Exercise >>
In the records below, the lines from the one with "U jednom momentu" through the last are to be printed exactly, and nothing else.

Records >>
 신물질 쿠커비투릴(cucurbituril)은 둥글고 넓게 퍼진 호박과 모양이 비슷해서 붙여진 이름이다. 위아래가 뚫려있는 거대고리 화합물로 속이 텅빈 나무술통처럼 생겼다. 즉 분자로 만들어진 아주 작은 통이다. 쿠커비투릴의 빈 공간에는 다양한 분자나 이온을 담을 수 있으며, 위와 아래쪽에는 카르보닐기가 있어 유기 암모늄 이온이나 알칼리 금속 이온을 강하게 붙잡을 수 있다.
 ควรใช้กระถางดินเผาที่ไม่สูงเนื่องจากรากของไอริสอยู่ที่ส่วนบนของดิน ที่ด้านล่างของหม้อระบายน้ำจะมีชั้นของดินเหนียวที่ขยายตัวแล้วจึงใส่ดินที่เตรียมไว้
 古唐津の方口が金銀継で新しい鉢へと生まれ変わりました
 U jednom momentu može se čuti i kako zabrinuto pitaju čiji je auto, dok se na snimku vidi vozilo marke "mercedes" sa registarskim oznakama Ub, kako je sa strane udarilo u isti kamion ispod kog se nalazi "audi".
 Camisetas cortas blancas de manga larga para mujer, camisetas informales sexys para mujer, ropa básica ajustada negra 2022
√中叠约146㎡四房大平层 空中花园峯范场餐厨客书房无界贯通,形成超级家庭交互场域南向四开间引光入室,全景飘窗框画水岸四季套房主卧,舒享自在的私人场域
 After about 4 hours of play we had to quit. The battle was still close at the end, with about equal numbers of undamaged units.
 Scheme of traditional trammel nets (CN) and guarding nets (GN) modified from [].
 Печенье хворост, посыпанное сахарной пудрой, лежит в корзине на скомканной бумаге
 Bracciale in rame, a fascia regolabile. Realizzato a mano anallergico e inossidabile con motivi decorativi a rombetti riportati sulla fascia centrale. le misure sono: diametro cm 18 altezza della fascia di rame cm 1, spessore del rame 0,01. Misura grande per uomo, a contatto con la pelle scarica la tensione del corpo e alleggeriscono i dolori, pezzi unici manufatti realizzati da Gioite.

Written response >>
 U jednom momentu može se čuti i kako zabrinuto pitaju čiji je auto, dok se na snimku vidi vozilo marke "mercedes" sa registarskim oznakama Ub, kako je sa strane udarilo u isti kamion ispod kog se nalazi "audi".
 Camisetas cortas blancas de manga larga para mujer, camisetas informales sexys para mujer, ropa básica ajustada negra 2022
√中叠约146㎡四房大平层 空中花园峯范场餐厨客书房无界贯通,形成超级家庭交互场域南向四开间引光入室,全景飘窗框画水岸四季套房主卧,舒享自在的私人场域
 After about 4 hours of play we had to quit. The battle was still close at the end, with about equal numbers of undamaged units.
 Scheme of traditional trammel nets (CN) and guarding nets (GN) modified from [].
 Печенье хворост, посыпанное сахарной пудрой, лежит в корзине на скомканной бумаге
 Bracciale in rame, a fascia regolabile. Realizzato a mano anallergico e inossidabile con motivi decorativi a rombetti riportati sulla fascia centrale. le misure sono: diametro cm 18 altezza della fascia di rame cm 1, spessore del rame 0,01. Misura grande per uomo, a contatto con la pelle scarica la tensione del corpo e alleggeriscono i dolori, pezzi unici manufatti realizzati da Gioite.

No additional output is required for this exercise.